Structured Data Schema

interface StructuredData {
  intent: string;                    // Query intent/category (required)
  entities?: {                       // Named entities and values
    [key: string]: string | number;
  };
  constraints?: string[];            // Requirements/constraints
  context?: {                        // Additional context
    [key: string]: string | number | boolean;
  };
  responseFormat?: string;           // Desired response format
}

Common Intents

product_information - Product details and specifications
troubleshooting - Problem-solving and technical support
comparison - Comparing multiple items
how_to_guide - Step-by-step instructions
explanation - Detailed explanations
follow_up_question - Context-aware follow-ups

Response Formats

structured_list - Organized bullet points
step_by_step_guide - Numbered instructions
comparison_table - Side-by-side comparison
detailed_explanation - Comprehensive explanation
bullet_points - Simple bullet format
json_format - Structured JSON response

Advanced Filtering (New in v2.1.0)

import RAGSystem from 'rag-system-pgvector';

const rag = new RAGSystem(config);
await rag.initialize();

// Add documents with user/knowledgebot metadata
const documentData = await processor.processDocumentFromBuffer(
    buffer, 
    'user-manual.pdf', 
    'pdf',
    {
        userId: 'user_123',
        knowledgebotId: 'tech_support_bot',
        department: 'engineering',
        priority: 'high'
    }
);

await rag.documentStore.saveDocument(documentData);

// Query with user filtering
const userResults = await rag.query('What technical info is available?', {
    userId: 'user_123',
    limit: 5
});

// Query with knowledgebot filtering
const botResults = await rag.query('Help with technical issues', {
    knowledgebotId: 'tech_support_bot'
});

// Query with multiple filters
const filteredResults = await rag.query('Show important documents', {
    userId: 'user_123',
    filter: {
        priority: 'high',
        department: 'engineering'
    }
});

// Direct search with filtering
const searchResults = await rag.searchDocumentsByUserId(
    'documentation',
    'user_123'
);

// Get all documents for a specific user
const userDocs = await rag.getDocumentsByUserId('user_123');

Chat History & Session Persistence (New in v2.3.0)

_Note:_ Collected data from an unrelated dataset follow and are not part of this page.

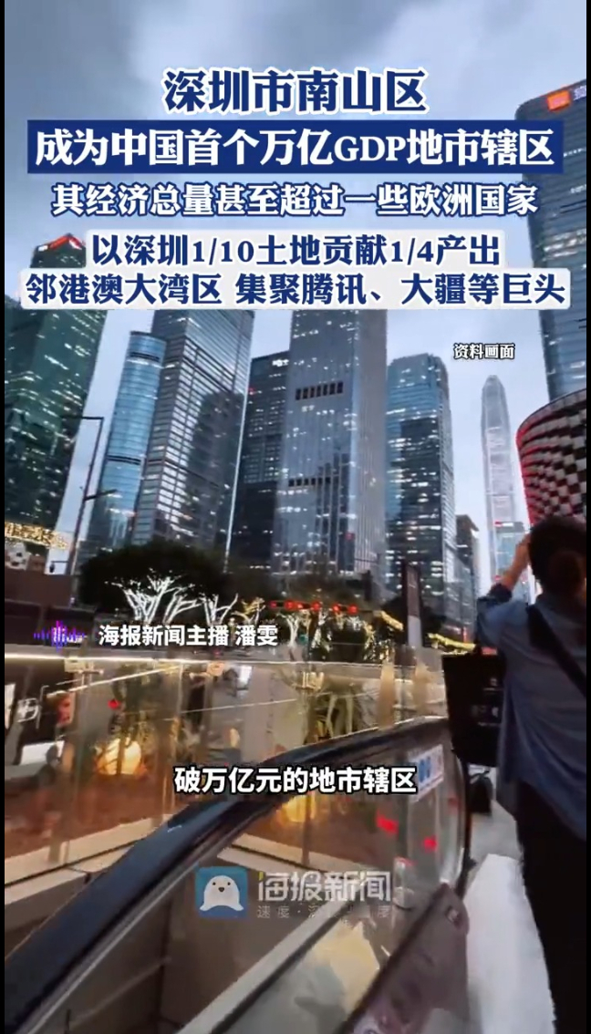 主播说丨深圳市南山区成为中国首个万亿GDP地市辖区 其经济总量甚至超过一些欧洲国家
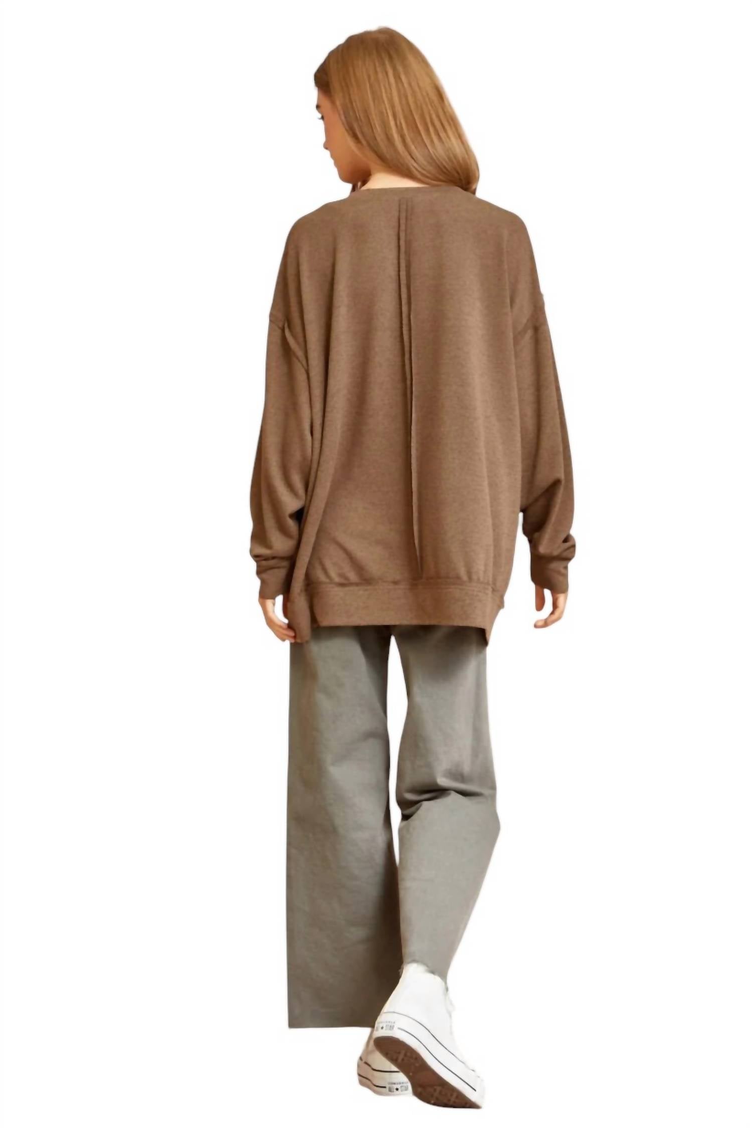 This hacci tunic top features a split neckline, raw edge details, and a banded hemline and sleeves. It has a slightly oversized fit with stretchy material for comfort. Made from 95% polyester and 5% spandex, it's a pull-on style.
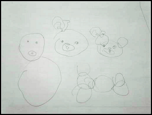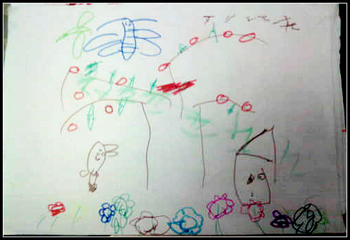 画里的事物也多了起来,不再只是家人,还会有幼儿园老师和她的好朋友。有耐心的时候,会把人物的衣服画满螺旋或兔子或花的图案。最有趣的是有一次,她画了一个大圈,里面是一个场景,大圈的下面有一溜3个小圈圈,据她说,这表示是梦,让我非常震惊。宝宝现在画画也不是埋头想象,当我给她当模特摆出姿势来的时候,宝宝是抬头观察一下我然后再低头去画,就像写生一样。
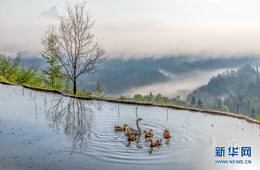 春雨洗禮后的山鄉(xiāng)田野美如畫卷。新華網(wǎng)發(fā)(瞿明斌 攝)

Enable multi-turn conversations with persistent chat history stored in PostgreSQL.

Basic Chat History

// First query
const result1 = await rag.query('What is machine learning?');

// Follow-up with context
const result2 = await rag.query('Can you give me examples?', {
    chatHistory: result1.chatHistory
});

// Another follow-up
const result3 = await rag.query('Which one is most popular?', {
    chatHistory: result2.chatHistory
});

Session Persistence

const sessionId = 'user_conversation_123';

// Query with automatic session save/load
const result = await rag.query('What is machine learning?', {
    sessionId: sessionId,
    persistSession: true,  // Auto-save after query
    userId: 'user_456',
    knowledgebotId: 'tech_bot'
});

// Continue conversation (automatically loads history)
const result2 = await rag.query('Tell me more', {
    sessionId: sessionId,
    persistSession: true
});

// Load session manually
const session = await rag.loadSession(sessionId);
console.log(`Session has ${session.messageCount} messages`);

// Get all user sessions
const userSessions = await rag.getUserSessions('user_456');
console.log(`User has ${userSessions.length} sessions`);

// Get session statistics
const stats = await rag.getSessionStats({ userId: 'user_456' });
console.log(`Total messages: ${stats.totalMessages}`);

History Summarization

// Long conversations are automatically managed
const result = await rag.query('Complex question', {
    sessionId: sessionId,
    persistSession: true,
    maxHistoryLength: 20  // Keeps recent 20 messages
});

Testing Chat Features

# Basic chat history
npm run test:chat:basic

# Session management
npm run test:chat:session

# History summarization
npm run test:chat:summarization

# Session persistence
npm run test:chat:persistence

Documentation:

📚 API Documentation

DocumentProcessor Class

The DocumentProcessor class provides powerful document processing capabilities for files, buffers, and URLs.

Buffer Processing Methods

`processDocumentFromBuffer(buffer, fileName, fileType, metadata = {})`

Process a document directly from a memory buffer.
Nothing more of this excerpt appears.